### Information given ###

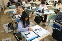風とゴムの力で動く車をつくりました。車が完成すると実験をします。
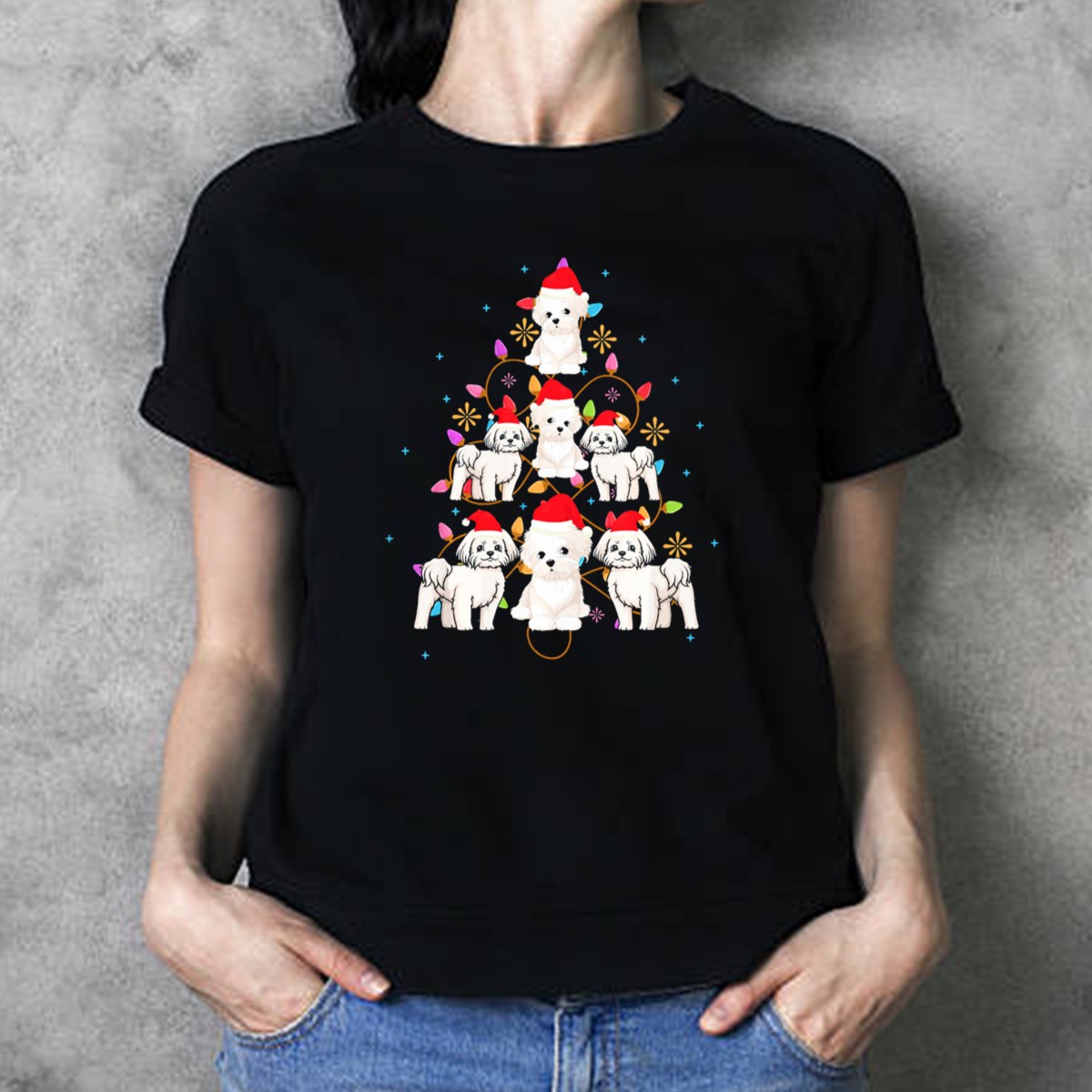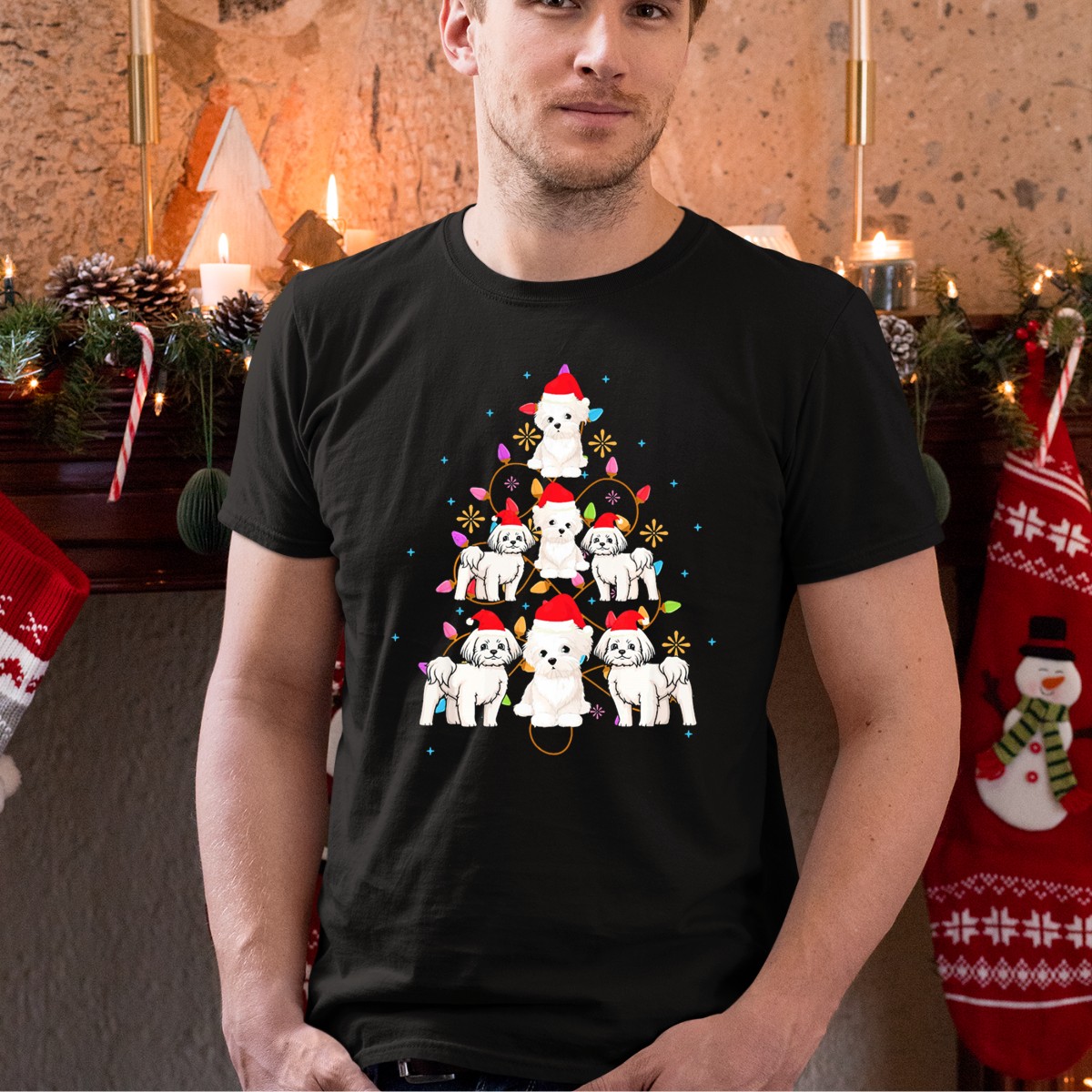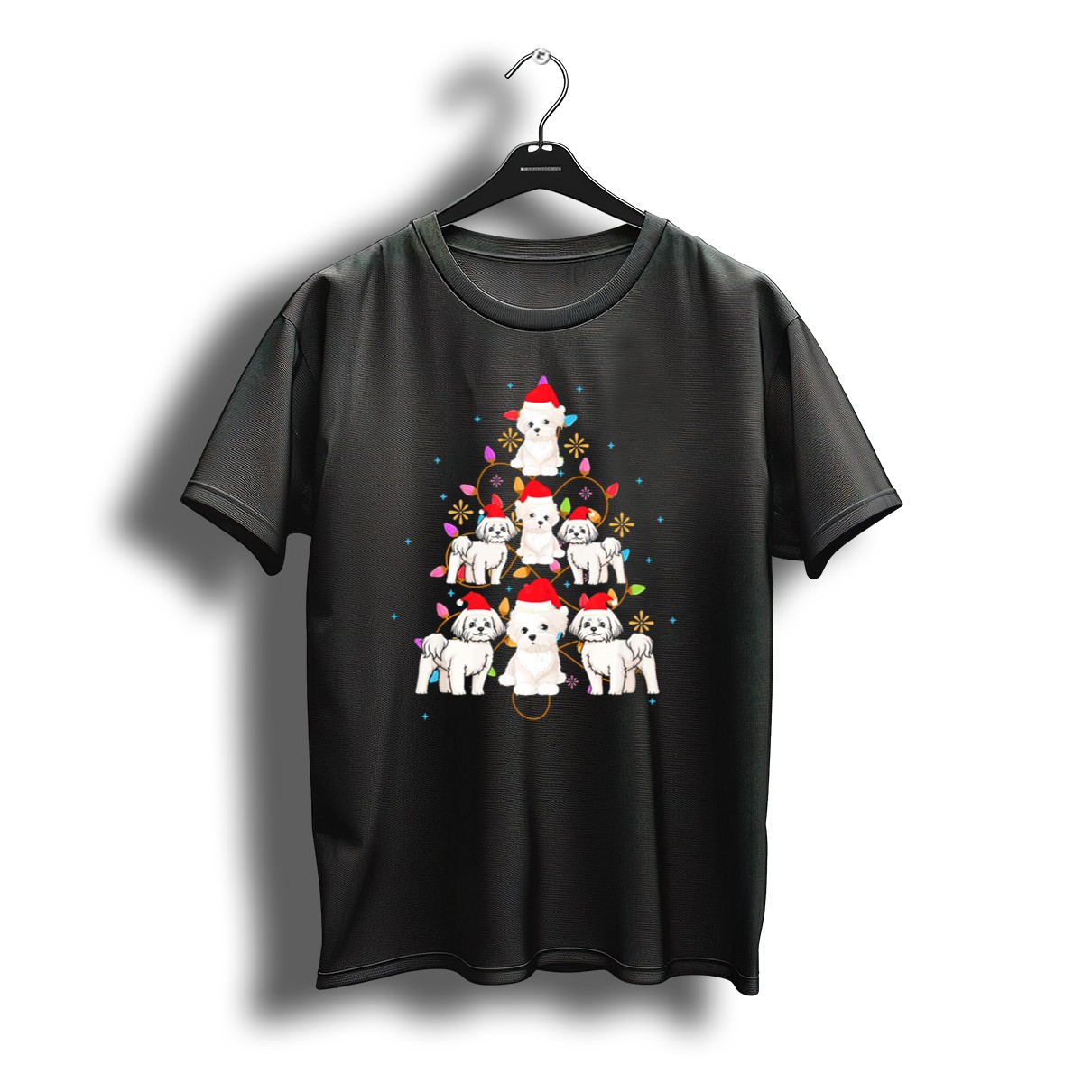 Be the first to review “Maltese Dogs In Santa Hats With Colorful Christmas Tree Lights T-Shirt”
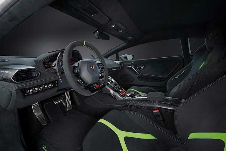 Wnętrze Huracán Performante przypomina kierowcy o jego lekkiej i aerodynamicznej naturze. Wloty powietrza, łopatki, klamki drzwiowe i konsola centralna są wykonane z Forged Composite. Nawiązując do swojego wyścigowego dziedzictwa, w całym wnętrzu zastosowano lekkie, ciemne włókno Alcantara, w tym na sportowych fotelach, na których można wygrawerować opcjonalny wzór „Y”. Fotele komfortowe w tym samym wykończeniu są dostępne jako alternatywa.
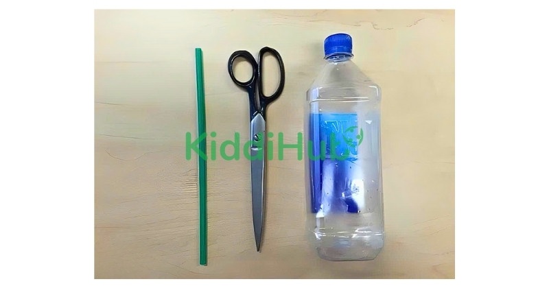 Bước 1: Chuẩn bị đầy đủ vật liệu gồm kéo, ống hút nhựa và một chai nhựa hình vuông.
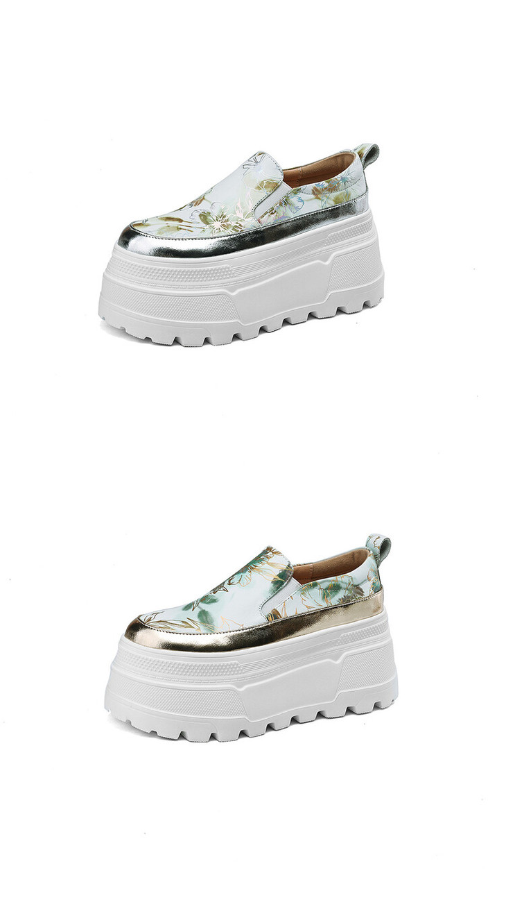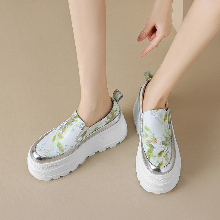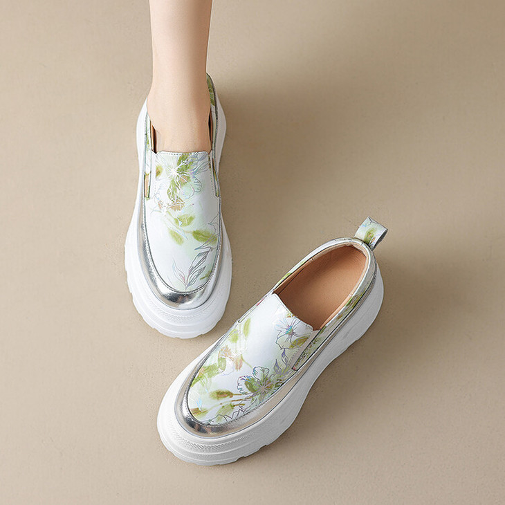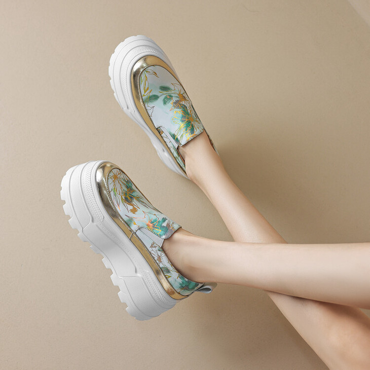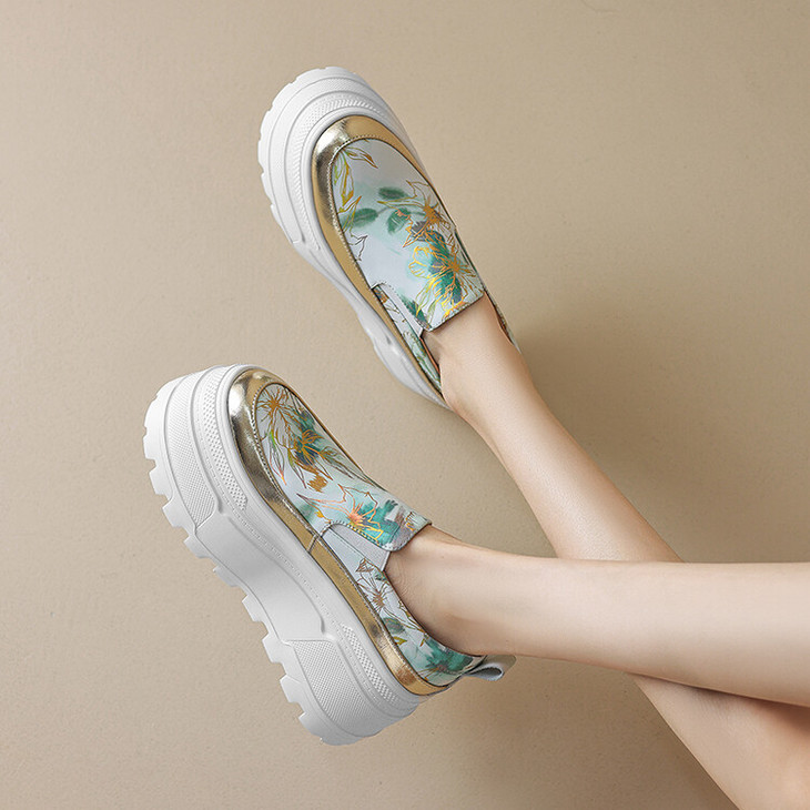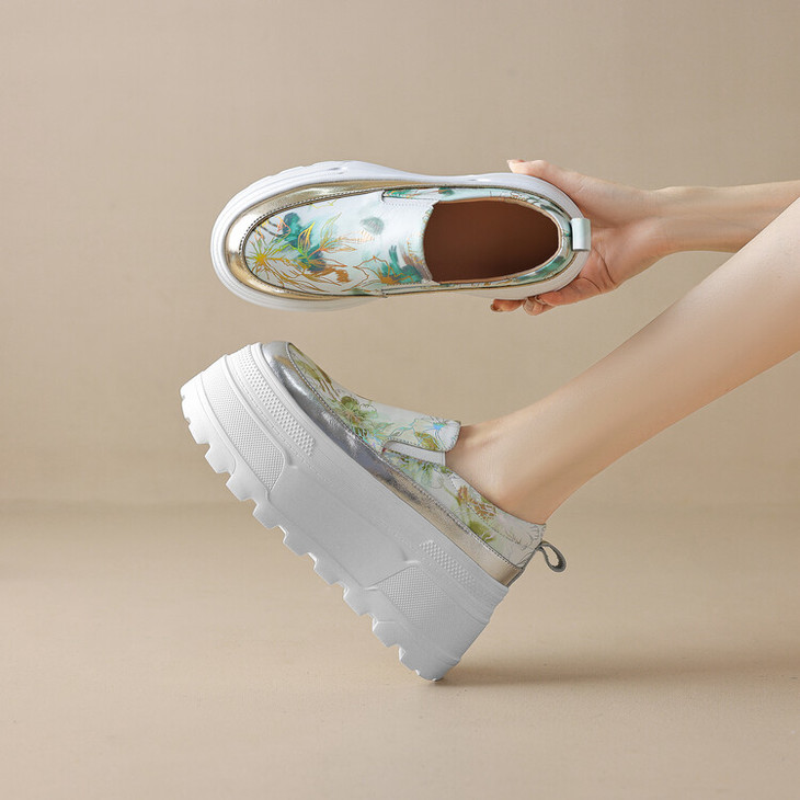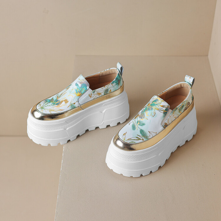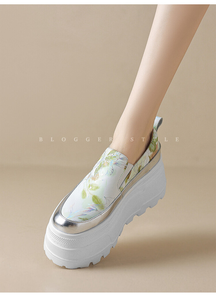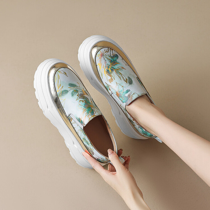 【预售5天】里外全皮松糕跟圆头深口单鞋印花牛皮休闲厚底时尚乐福女鞋AD&123-298
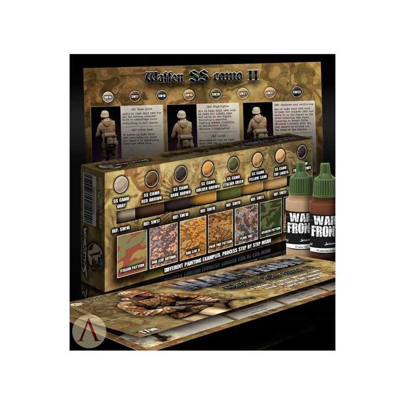Kolejny zestaw ośmiu farb w kolorach niemieckich oddziałów od Scale 75.  Jeśli potrzebujesz, by Twoich niemieckich żołnierzy nie było widać - ten zestaw jest dla Ciebie.  Przydadzą się też przy projektach wymagających szerokiej gamy barw!    Zestaw zawiera farby WarFront: Camo Grey Camo Red Brown  Camo Dark Brown  Camo Golden Brown  Camo Italian Green  Camo Yellow Sand  Camo Top Lights  Camo Top Shadows   Wszystkie w 17 ml buteleczkach z zakraplaczem.  Sprawdzą się zarówno do malowania pędzlami, jak i aerografem.
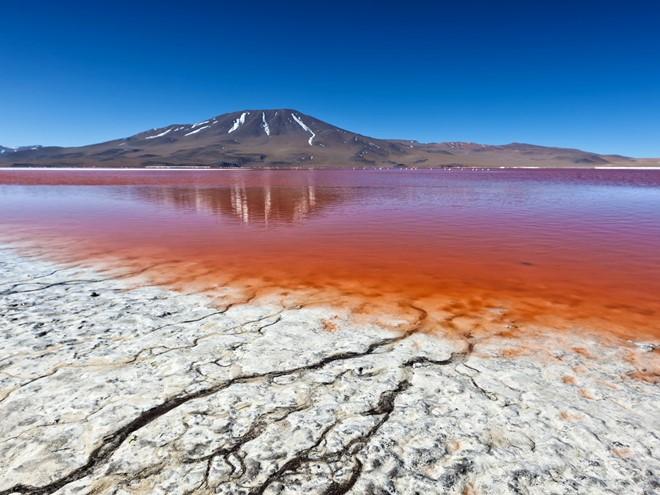 Laguna Colorada, Bolivia: Laguna Colorada là hồ nước mặn nằm ở độ cao gần 4.300 m so với mực nước biển, thuộc khu bảo tồn thiên nhiên Eduardo Avaroa Andean Fauna. Hồ nước này chỉ sâu chưa tới 1 m, có màu đỏ do một loại tảo sống trong nước mặn. Đây còn là nơi sinh sống của những con chim hồng hạc quý hiếm.

###

Repeat the line that contains "Bước 1: Chuẩn" and each line after it, through the last line of the listing, exactly and alone; pictures stay out of the repeat.

 Bước 1: Chuẩn bị đầy đủ vật liệu gồm kéo, ống hút nhựa và một chai nhựa hình vuông.
 【预售5天】里外全皮松糕跟圆头深口单鞋印花牛皮休闲厚底时尚乐福女鞋AD&123-298
Kolejny zestaw ośmiu farb w kolorach niemieckich oddziałów od Scale 75.  Jeśli potrzebujesz, by Twoich niemieckich żołnierzy nie było widać - ten zestaw jest dla Ciebie.  Przydadzą się też przy projektach wymagających szerokiej gamy barw!    Zestaw zawiera farby WarFront: Camo Grey Camo Red Brown  Camo Dark Brown  Camo Golden Brown  Camo Italian Green  Camo Yellow Sand  Camo Top Lights  Camo Top Shadows   Wszystkie w 17 ml buteleczkach z zakraplaczem.  Sprawdzą się zarówno do malowania pędzlami, jak i aerografem.
 Laguna Colorada, Bolivia: Laguna Colorada là hồ nước mặn nằm ở độ cao gần 4.300 m so với mực nước biển, thuộc khu bảo tồn thiên nhiên Eduardo Avaroa Andean Fauna. Hồ nước này chỉ sâu chưa tới 1 m, có màu đỏ do một loại tảo sống trong nước mặn. Đây còn là nơi sinh sống của những con chim hồng hạc quý hiếm.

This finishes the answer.